[Directions] Print exactly the first lines of the records. Stop after the line containing "1- Pili. J.I.Elias.", and leave every picture out.
.....
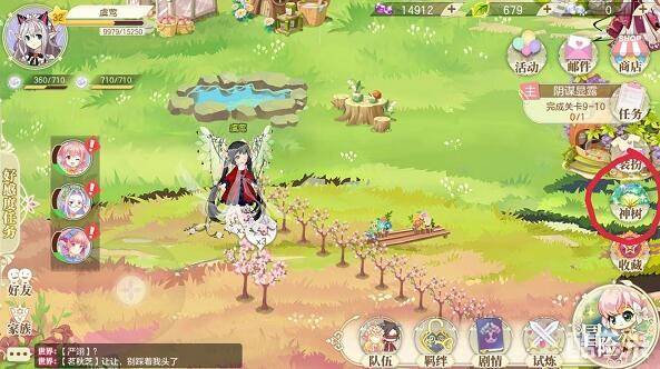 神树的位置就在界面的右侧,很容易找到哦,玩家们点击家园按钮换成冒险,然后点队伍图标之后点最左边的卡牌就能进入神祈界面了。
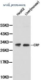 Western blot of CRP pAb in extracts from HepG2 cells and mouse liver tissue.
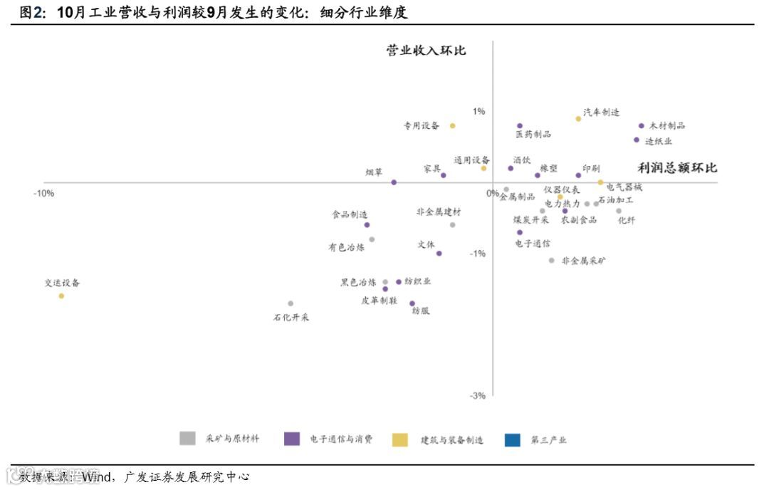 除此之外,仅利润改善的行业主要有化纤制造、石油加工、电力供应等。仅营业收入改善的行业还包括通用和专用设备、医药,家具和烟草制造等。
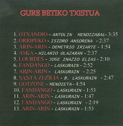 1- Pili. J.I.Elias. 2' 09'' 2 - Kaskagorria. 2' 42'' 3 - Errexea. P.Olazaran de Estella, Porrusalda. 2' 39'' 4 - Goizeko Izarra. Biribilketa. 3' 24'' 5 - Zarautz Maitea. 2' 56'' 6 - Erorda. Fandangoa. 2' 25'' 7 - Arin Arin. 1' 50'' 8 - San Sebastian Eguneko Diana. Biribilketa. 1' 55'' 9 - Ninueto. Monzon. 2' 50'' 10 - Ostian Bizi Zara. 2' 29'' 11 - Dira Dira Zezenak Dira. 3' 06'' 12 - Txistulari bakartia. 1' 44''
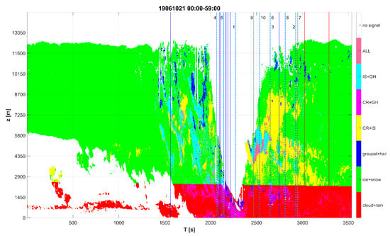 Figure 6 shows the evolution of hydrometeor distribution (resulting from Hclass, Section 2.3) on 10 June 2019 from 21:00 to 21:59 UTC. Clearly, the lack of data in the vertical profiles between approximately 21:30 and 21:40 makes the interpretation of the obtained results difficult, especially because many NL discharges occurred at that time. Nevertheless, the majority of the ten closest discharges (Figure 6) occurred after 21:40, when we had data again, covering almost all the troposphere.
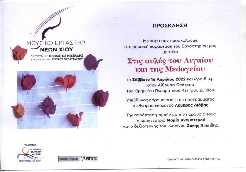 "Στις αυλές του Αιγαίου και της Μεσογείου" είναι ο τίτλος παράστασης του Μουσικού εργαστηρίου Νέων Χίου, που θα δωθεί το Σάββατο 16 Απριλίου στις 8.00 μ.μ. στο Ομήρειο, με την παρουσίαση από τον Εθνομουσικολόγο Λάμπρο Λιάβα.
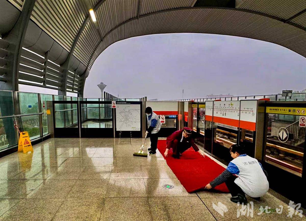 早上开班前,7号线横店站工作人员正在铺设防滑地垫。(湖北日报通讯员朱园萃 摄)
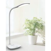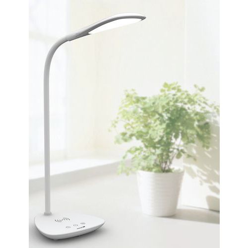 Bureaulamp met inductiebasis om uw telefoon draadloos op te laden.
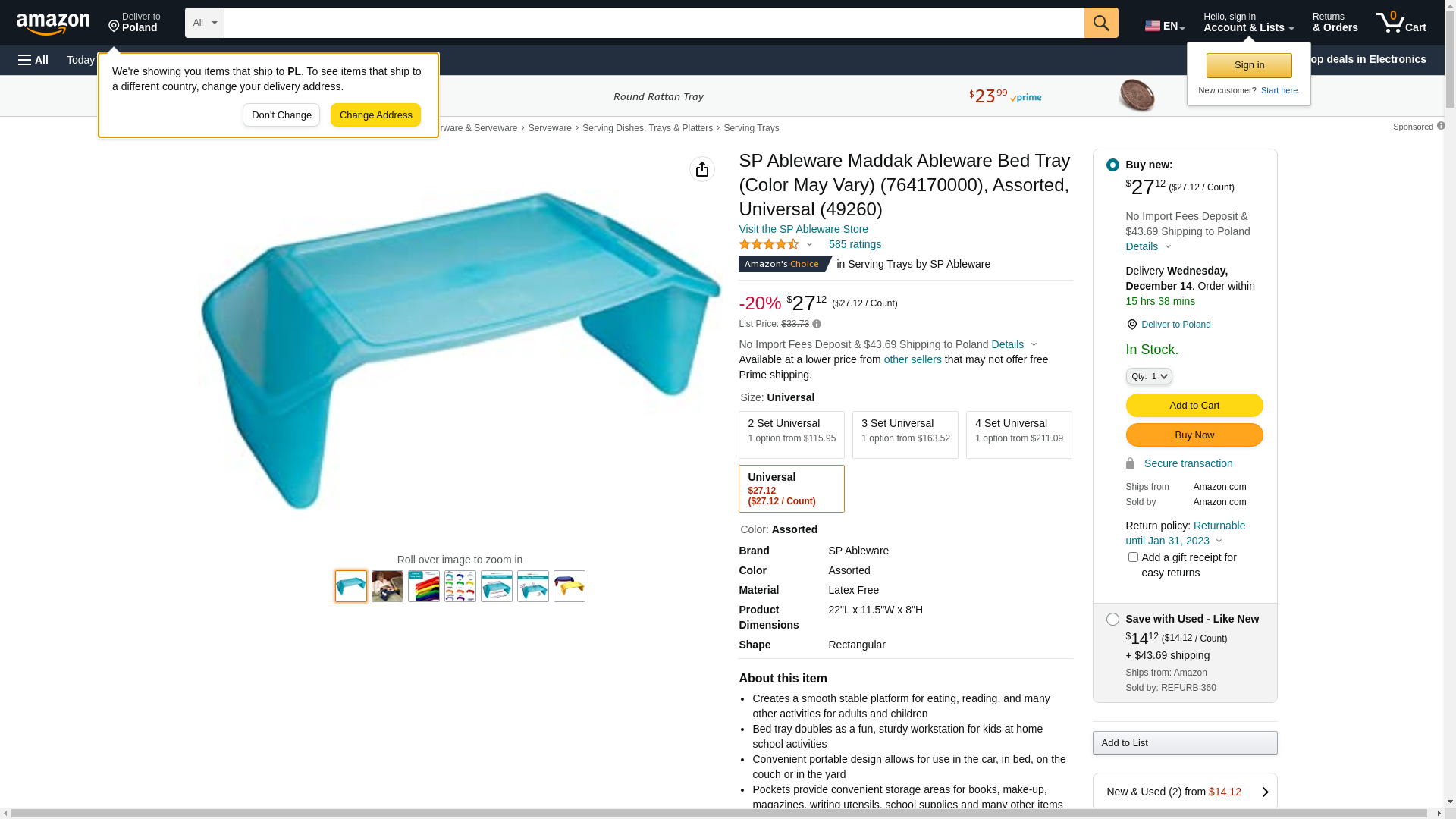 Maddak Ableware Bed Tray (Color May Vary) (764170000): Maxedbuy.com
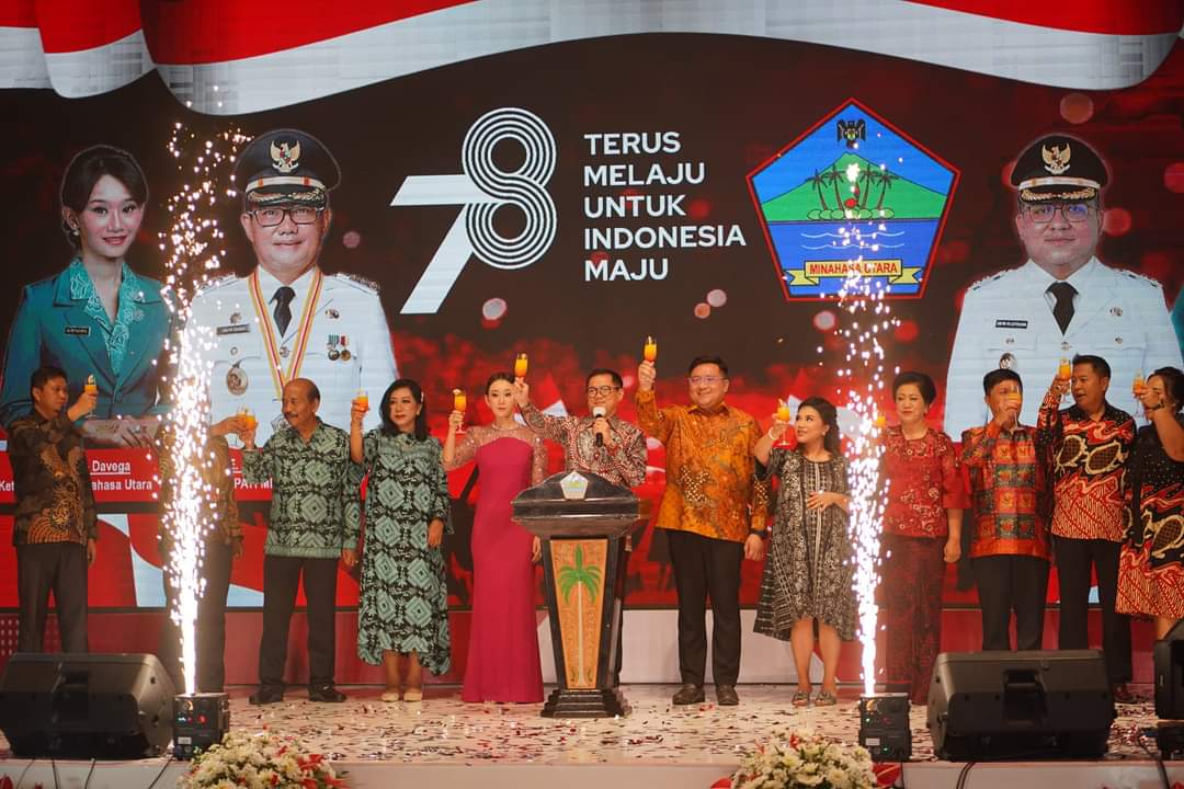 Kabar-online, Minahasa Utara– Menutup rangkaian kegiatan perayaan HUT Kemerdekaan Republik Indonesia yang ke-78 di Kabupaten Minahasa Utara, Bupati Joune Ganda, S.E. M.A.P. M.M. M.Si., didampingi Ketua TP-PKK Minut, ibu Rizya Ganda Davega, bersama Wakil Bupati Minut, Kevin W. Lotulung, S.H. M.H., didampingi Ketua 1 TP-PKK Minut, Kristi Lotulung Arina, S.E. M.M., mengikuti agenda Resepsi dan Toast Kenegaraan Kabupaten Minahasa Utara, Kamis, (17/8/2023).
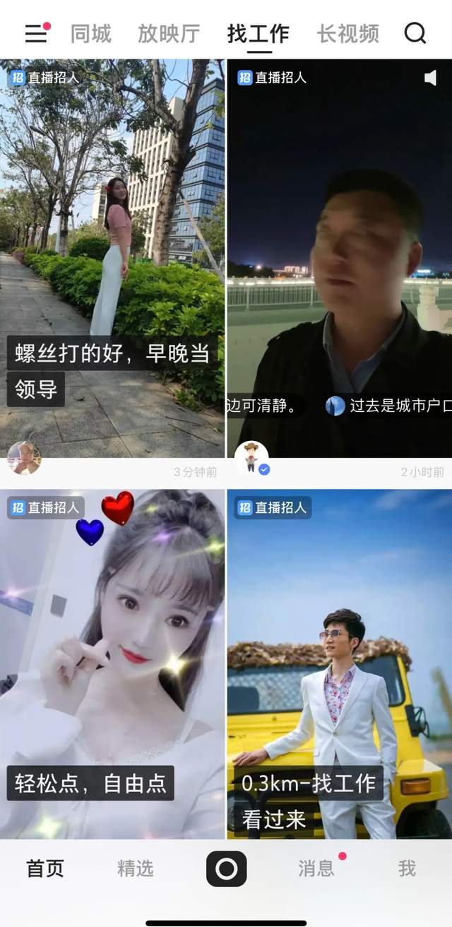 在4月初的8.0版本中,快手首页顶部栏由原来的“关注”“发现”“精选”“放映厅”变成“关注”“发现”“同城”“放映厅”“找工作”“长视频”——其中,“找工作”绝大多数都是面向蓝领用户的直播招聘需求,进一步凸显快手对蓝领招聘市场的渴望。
.....
[Worked solution]
 神树的位置就在界面的右侧,很容易找到哦,玩家们点击家园按钮换成冒险,然后点队伍图标之后点最左边的卡牌就能进入神祈界面了。
 Western blot of CRP pAb in extracts from HepG2 cells and mouse liver tissue.
 除此之外,仅利润改善的行业主要有化纤制造、石油加工、电力供应等。仅营业收入改善的行业还包括通用和专用设备、医药,家具和烟草制造等。
 1- Pili. J.I.Elias. 2' 09'' 2 - Kaskagorria. 2' 42'' 3 - Errexea. P.Olazaran de Estella, Porrusalda. 2' 39'' 4 - Goizeko Izarra. Biribilketa. 3' 24'' 5 - Zarautz Maitea. 2' 56'' 6 - Erorda. Fandangoa. 2' 25'' 7 - Arin Arin. 1' 50'' 8 - San Sebastian Eguneko Diana. Biribilketa. 1' 55'' 9 - Ninueto. Monzon. 2' 50'' 10 - Ostian Bizi Zara. 2' 29'' 11 - Dira Dira Zezenak Dira. 3' 06'' 12 - Txistulari bakartia. 1' 44''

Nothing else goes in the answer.